アイリッジと東急建設は、RFID(無線自動識別)タグとスマートフォンアプリを活用して工事現場で使う工具の照合作業を自動化するサービス「工具ミッケ」を共同開発し、10月1日から販売を開始することを発表した。PoC(概念実証)では、工具の照合作業における工数について、最大8割程度の削減効果が認められており、10月中に東急建設の5カ所の現場での導入も決定しているという。

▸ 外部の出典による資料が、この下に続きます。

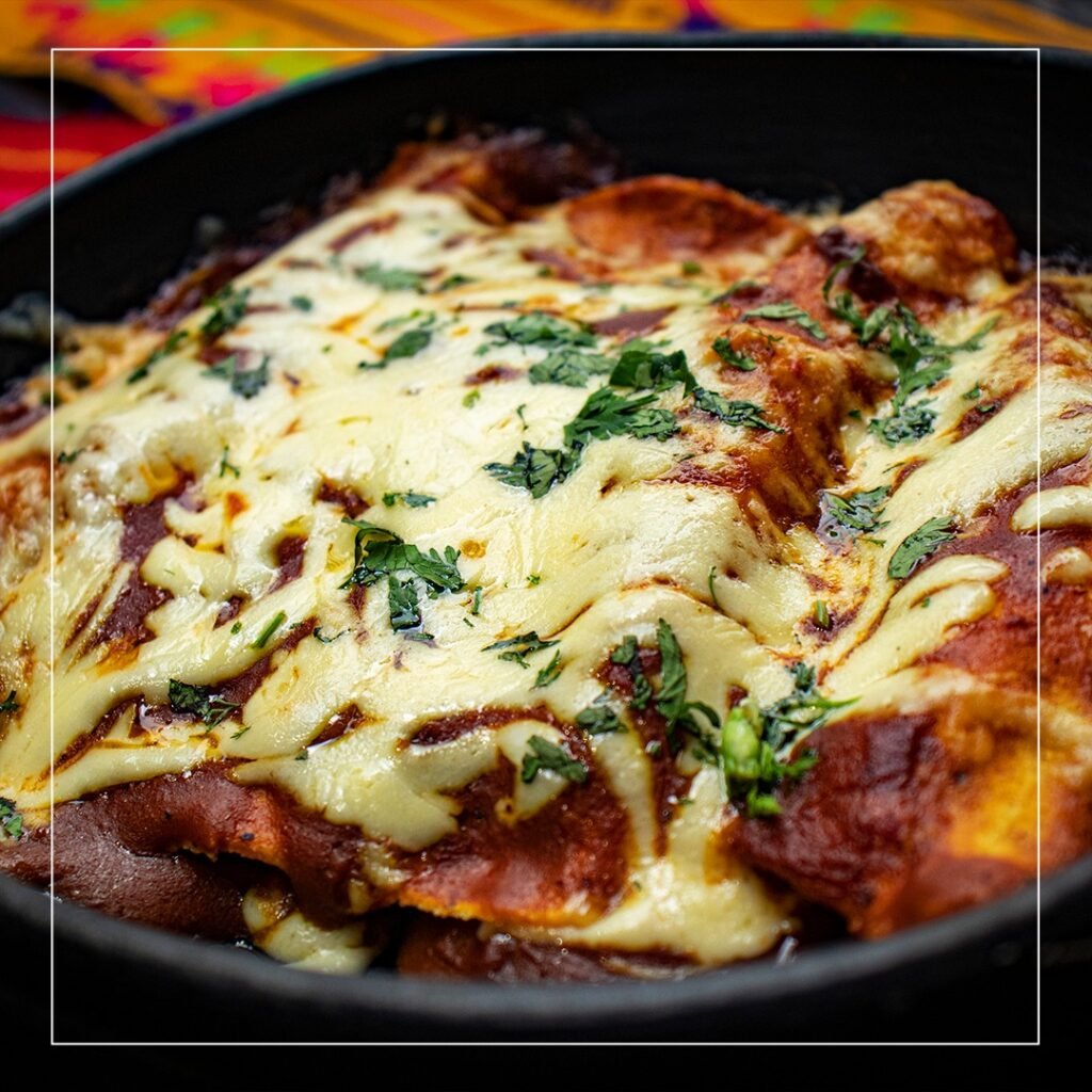 4 Tortillas de harina de maíz (artesanales) rellenas de queso, res desmechada, pollo o cerdo, bañadas con salsa chilango, gratinadas con mucho queso.

同サービスには、「工具管理アプリ」「RFIDスキャナ」「RFIDサンプルタグ」「陸上移動局申請書類」「総務省への申請代行」の5つが含まれている。アプリの主な機能としては、工事現場に持ち込む工具のリストを作成する「工具持ち込みリスト作成」、ヤードからの工具持ち出し時や工事開始前・工事終了後に、使用した工具をスキャン機能にてRFID読み込みし、不足している工具が一目で分かるようになる「工具数量チェック」、工具数量チェックで全ての工具がそろった時のみ、作業完了報告が、送信ボタンをタップするだけで、ペーパーレスで作業完了報告ができる「作業完了報告」の3つがある。

  • アプリの画面イメージ

同サービスは、2019年に電波利用申請の新たな局種として「陸上移動局」が施行されたことを踏まえ、特定されない作業場所や、移動車両による設備点検での使用を想定した機動性の高い設計となっている。また、使いやすいUIを特徴としており、現場職員一人ひとりが各自のスマートフォンアプリから情報更新や確認を行えるため、現場へのノートPCの持ち込みも不要。

今までは、鉄道工事で使用する数百種類の工具に関して、現場への置き忘れを防止するため、これまでは持ち出す工具をまずヤード(資材置き場)で紙に書き出し、現場に移動後作業開始前に1回、作業終了後に1回、ヤードに戻って1回の計3回、1つずつ目視確認をしながら慎重に照合するという作業が毎回行われていたという。しかし、同サービスを利用することで、ひとまとめにした工具類の上にRFIDスキャナをかざすだけでスマートフォンアプリ上のリストと照合でき、PoCではトラック1台分程の工具類でも1分かからずに照合から作業報告完了までできている。ターミナル駅の工事現場など、大規模な現場ほど工数削減の効果が期待できるという。

両社は、今後の展望として、10月中に東急建設の工事現場5箇所での本格導入を進め、加えてアイリッジと取引実績のある鉄道会社の建設現場を中心に2022年度中に20カ所の展開を目指すとともに、今後もサービス改善を重ねながら、より幅広い建設現場のDXを支援していくことを表明している。